Venue history and layout

The Masquerade was founded in 1988 at the historic DuPre Excelsior Mill, a former excelsior mill at 695 North Avenue in the Old Fourth Ward neighborhood.  The venue had both indoor and outdoor concert space. It was sold in 2006 and moved in late November 2016 after it was made part of a new mixed-use development called North + Line.  The building was designated as historic by the city and all of the original parts will be saved through adaptive reuse, though many of the other attachments and the music park used by the Masquerade are being removed.

Its live music mostly consists of alternative music styles, such as indie rock, metal, punk rock, rockabilly, and electronic, ranging from local acts to ones internationally known.  The Masquerade's three principal interior stages are named after the destinations of the afterlife: Heaven, Purgatory, and Hell — though they are now all on the same level with separate entrances.  At the mill, Heaven was upstairs above Hell at the right (west) side of the building, with Purgatory as the bar area downstairs to the left, all accessed from a central entryway behind the box office with a stairway to Heaven.

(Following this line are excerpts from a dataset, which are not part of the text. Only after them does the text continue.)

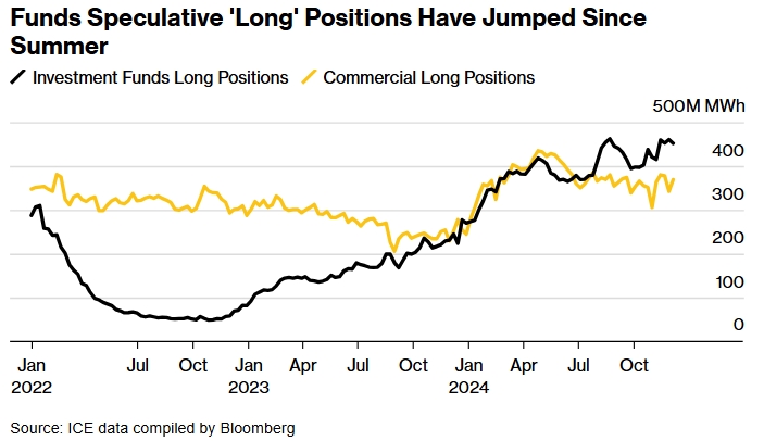 Однако в последние недели, когда температура стала более мягкой и увеличились потоки СПГ, краткосрочный рыночный пессимизм начал ослабевать. Спекулянты накопили значительное присутствие на рынке, и цены могут быстро измениться при изменении обстоятельств.
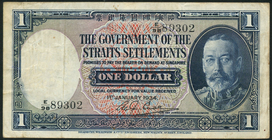 Government of the Straits Settlements, $1, 1 January 1934, serial number E/98 89302, dark blue on multicolour underprint, George V at right, value at centre and each corner, reverse blue, tiger at centre
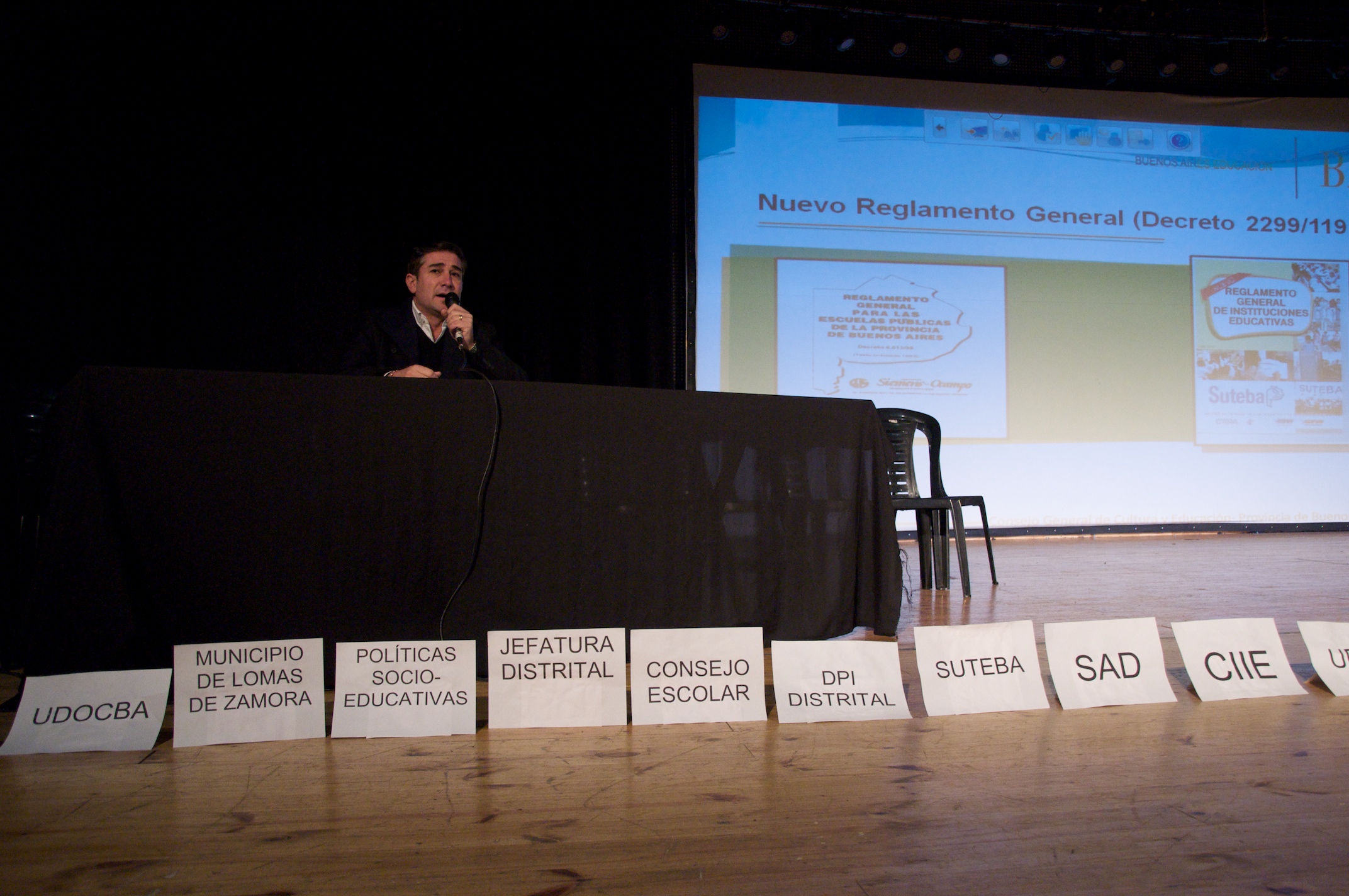 Durante la jornada a la cual asistieron más de 200 directivos de establecimientos educativos del distrito de Lomas de Zamora, se abordaron temas referidos al Reglamento General de las Instituciones Educativas, a cargo del compañero de SUTEBA Marcelo Zarlenga, Consejero del Consejo Gral. de Cultura y Educación de la Prov. de Buenos Aires; y al Plan de Prevención de Riesgos, a cargo de responsables del Programa GIRE, dependiente de la DPIE. Expusieron también especialistas en materia de salud y seguridad para desarrollar contenidos y prácticas inherentes a los planes de emergencia y evacuación en las escuelas.
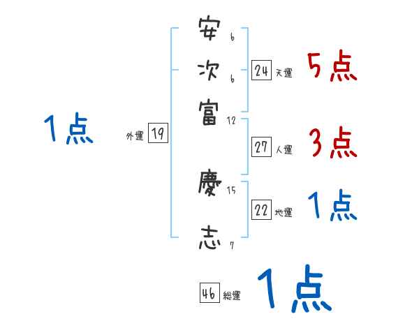 安次富慶志さんの画数の鑑定結果
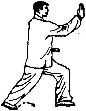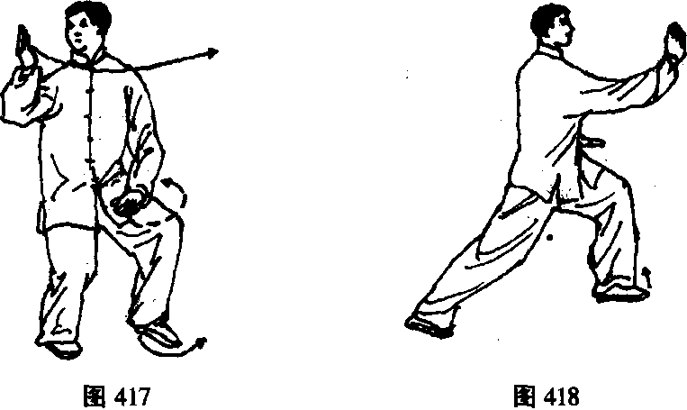 右手屈回由耳侧向前推出,高于鼻尖平,左手向下由左膝前 搂过落于左胯旁,指尖向前;眼看右手手指° (图417、418)
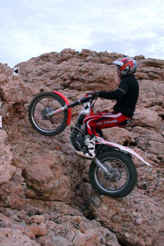 Siguiendo el recorrido llegábamos a “El Mirador”, que es una zona todo de rocas al lado del mar. Estas rocas por la erosión marina, presentan un agarre impresionante para las motos, por lo que a priori parecían muy difíciles, pero al realizarlas se pasaban perfectamente.
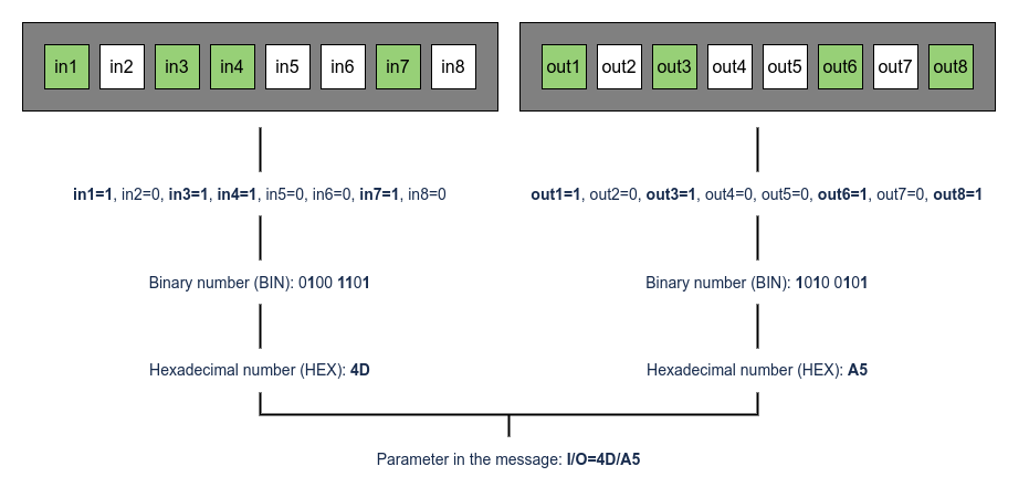 At first, it should be noted that the state of digital inputs and outputs in Wialon is represented as two hexadecimal numbers (HEX) obtained from binary numbers (BIN), in which each bit corresponds to an input/output with the same number. The parameter with these values is named I/O (short for Inputs/Outputs) and contains two numbers separated by a slash: to the left, there is the value corresponding to the state of all inputs, and to the right — the state of the outputs.
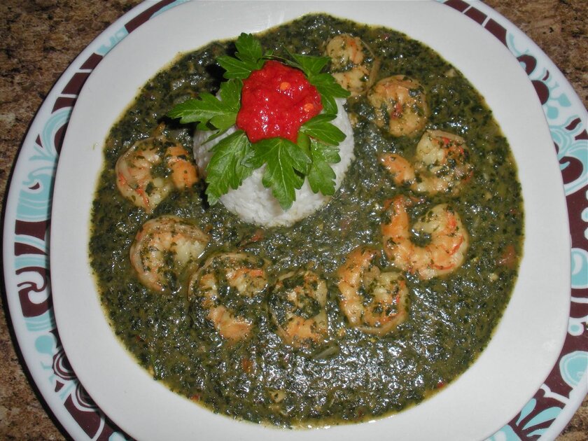 ملوخية خضراء بالكزبرة والجمبرى
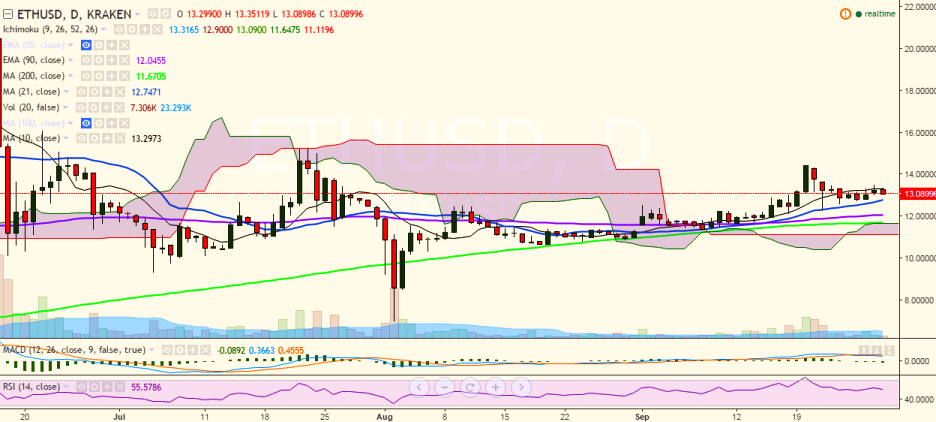 ETH/USD has failed to close above 10-DMA on Wednesday and has declined till 13.08 levels, after hitting a high of 13.47 levels yesterday. It is currently trading at 13.12 levels (Kraken).
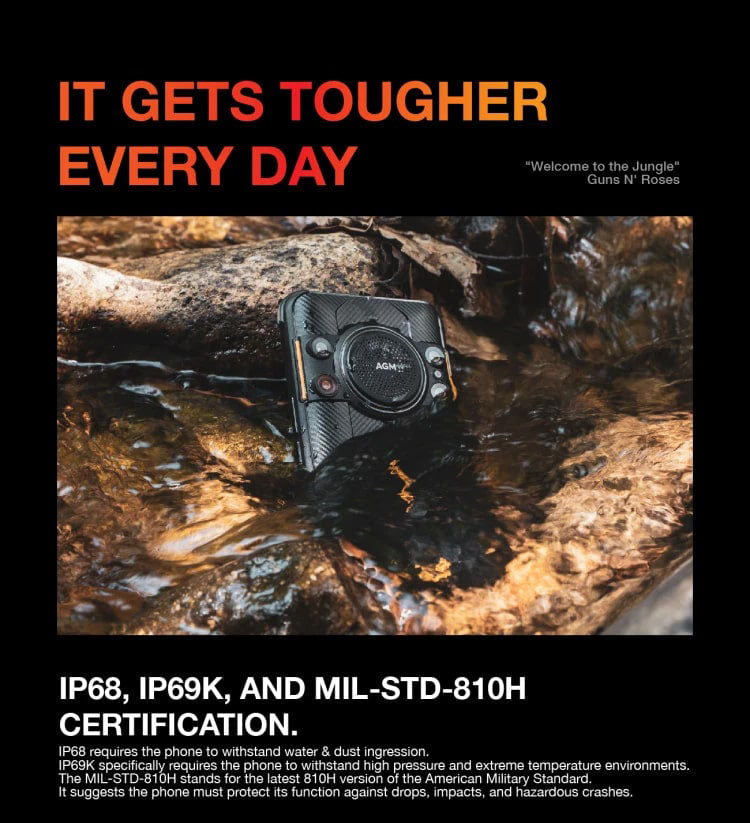 The AGM H5 can survive drops from 1.5 meters, 99% dust, and 30 minutes under 1.5 meters of water. It’s not about standards; it is about toughness. While reinforcing the corners to give the entire structure extra toughness.
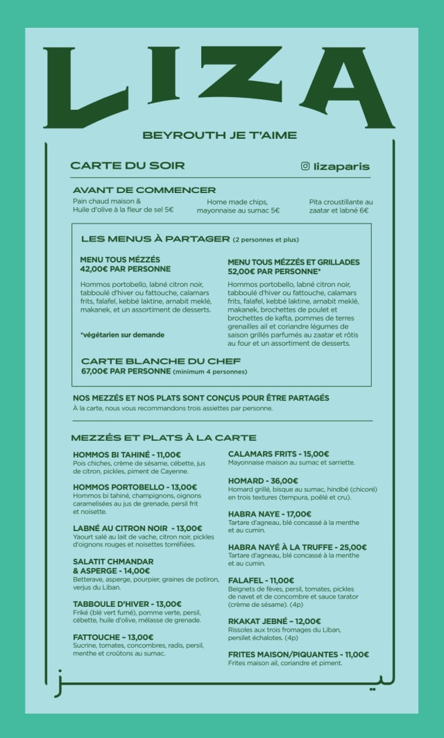 10/10We eat at Liza every time we come to Paris. The food is excellent and fresh…the kibbeh is amazing! The service is wonderful and welcoming. The interior has a contemporary feeling with lit candles which lends to having a beautiful yet relaxed evening with friends or family.
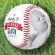 “Happy First Father’s Day.” Celebrate all of Dad’s joy of becoming a new parent. Cool, modern black, blue, and white typography on a red banner and sweet red hearts overlay a white background. Add two photos of your choice and customise the copy for the perfect, personalised keepsake baseball that he’ll treasure always. Makes a terrific Dad gift for Father’s Day!
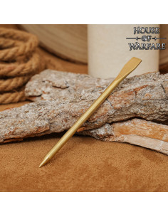 - Autentisk materiale og design: Denne stylus er lavet af messing og genskaber det værktøj, der blev brugt i romertiden til at skrive på voksede tabletter. Dens traditionelle design afspejler historisk autenticitet.
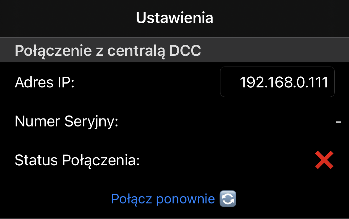 - Połączenie z centralą DCC – umożliwienie ustawienia adresu IP i ponowne połączenie
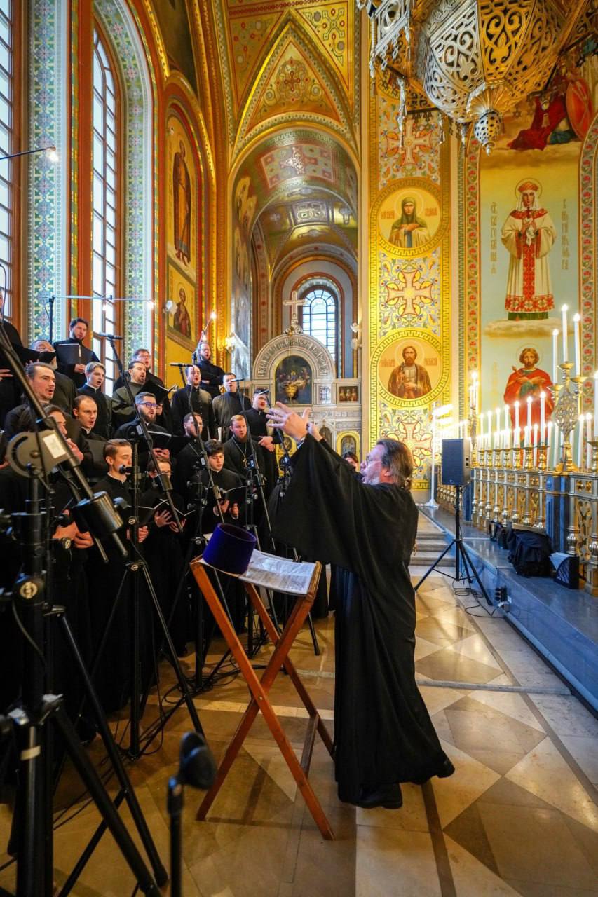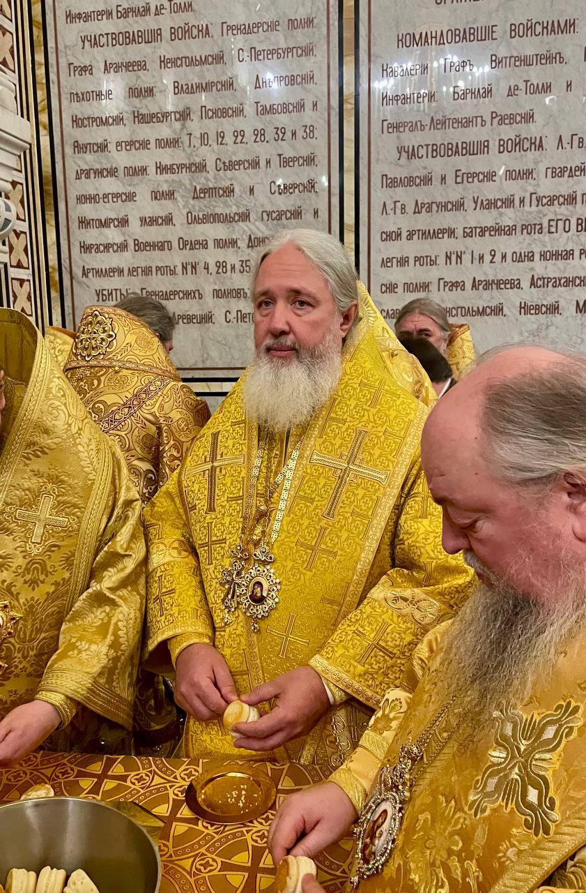 На сугубой ектении были вознесены особые прошения о Святой Руси, а также прошения о чествуемом Святейшем Патриархе Кирилле и Церкви Русской.

Notable musical performances

Well-known acts that have performed there include alternative groups like Nirvana, Smashing Pumpkins, 311, The Cranberries, Green Day, Radiohead, Widespread Panic (from Athens) in '92, Flaming Lips, Blind Melon, Phish, Blur, Dave Matthews Band, Faith No More, Foo Fighters, Weezer, Queens of the Stone Age, Oasis, Afghan Whigs, The Killers, Panic at the Disco, Curve, and Manchester Orchestra (from ATL) in '07; Devon Allman (son of the late Gregg Allman from Macon) played there in '18; mainstream acts like INXS, Björk, Macklemore and Coldplay; and punk and metal acts like The Ramones, Fugazi, Motörhead, Alice in Chains, Stone Temple Pilots, Rage Against the Machine, Tool, Iron Maiden, Marilyn Manson, Misfits, Social Distortion, Danzig, Blink 182, Dropkick Murphys, Amon Amarth, Sevendust (from ATL) in '09, Mastodon (from Atlanta) in '12, Baroness (from Savannah) in '17, and BACKTOEARTH in '19.  Electronic and industrial acts have included Curren$y, The Orb, Chemical Brothers, Orbital, The Prodigy, and Nine Inch Nails; other genres include parodist "Weird Al" Yankovic and the hiphop/rap of Public Enemy.